Петя нацарапал на листочке свой адрес и даже схему нарисовал, как до его дома добраться. Открыл дверь в приемную и снова заорал:
— А где Подвойская, леший ее забери?
— Не ори же ты так! — простонала Глаша, втянув голову в плечи. Потом махнула рукой:
— Ее нет, она обедает.
— Опять с супом?!
Раиса Тимуровна ходила в столовую, расположенную аж за три квартала. Она придерживалась убеждения, что горячий суп продлевает жизнь, и ежедневно совершала долгие пешие прогулки в поисках борща или рассольника.
— Она меня без ножа режет! — расстроился Петя. — Тогда, Глаш, ты иди и ищи у нее в столе все, что касается методики похудания. Давай, живенько, живенько!
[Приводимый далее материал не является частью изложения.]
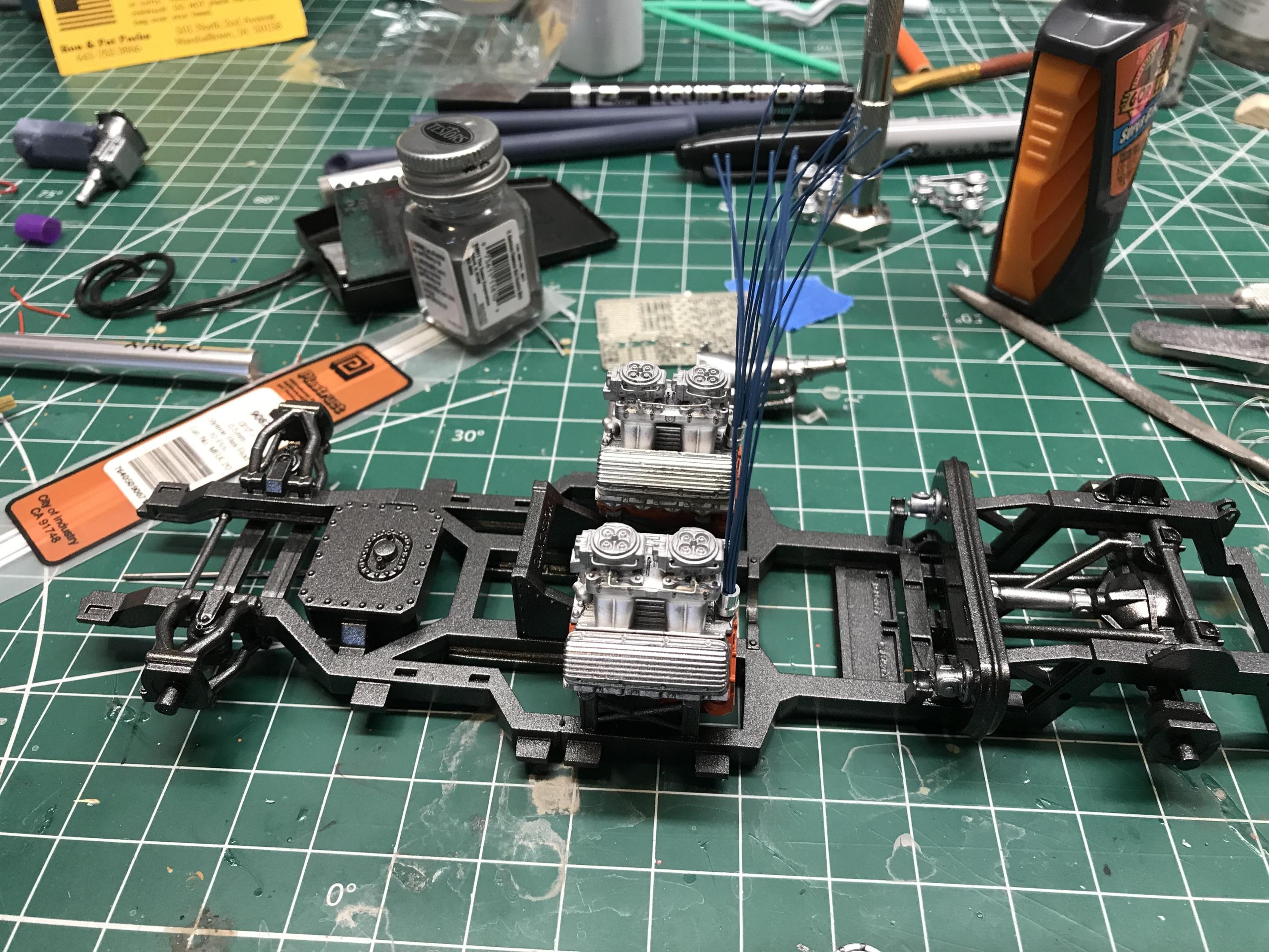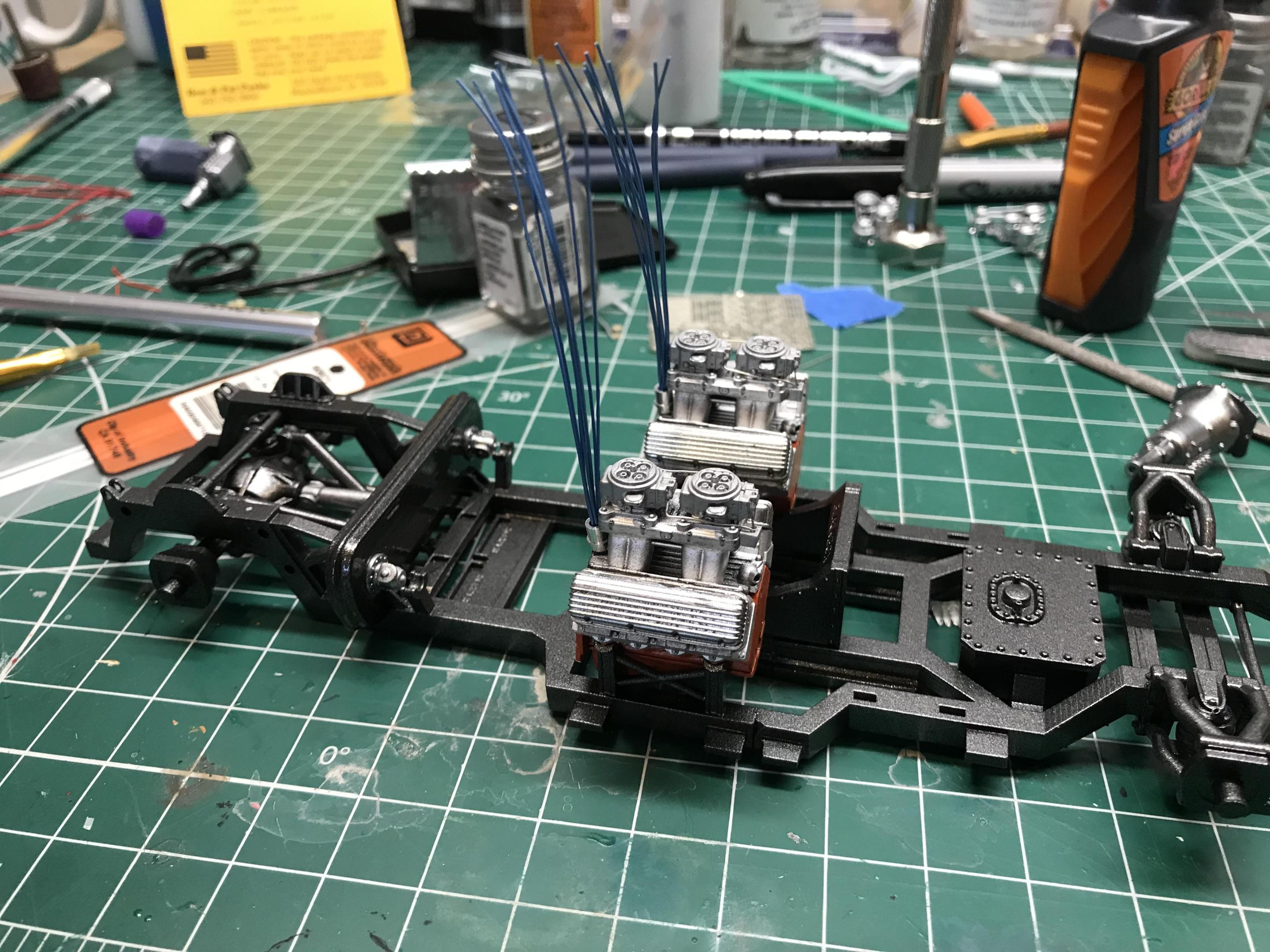 17. I am starting my next build. It’s the 3D printed Black Box Twin V 8 truck. I’m going to try some detail work, which I haven’t done in years. Hopefully it turns out as well as I plan.

Покряхтывая и постанывая, Глаша выползла в приемную и, усевшись на место Раисы Тимуровны, принялась обследовать ящики ее стола. Стол оказался настоящим складом полезных вещей. Там было все — начиная от ниток с иголками и заканчивая паяльником. Единственный ящик, в котором лежали бумаги, находился в самом низу. Поверх папок катался белый пластмассовый пузырек без опознавательных знаков. Глаша вытряхнула его вместе с бумагами, и он покатился по полу, стуча, словно погремушка.
Она подняла пузырек и ради любопытства отвинтила крышку. Внутри лежали белые круглые таблетки и свернутый в несколько раз вкладыш. «Может, Раиса Тимуровна тайком худеет с помощью какой-нибудь суперсистемы?» — подумала Глаша. Она развернула вкладыш, но по-русски там не было ни слова — бумажка была испещрена разноцветными иероглифами. «Свистнуть, что ли, для Дениса?» — подумала Глаша, но тут же решила, что без спроса неудобно. Кроме того, почти такой же вкладыш она вчера взяла у Лиды.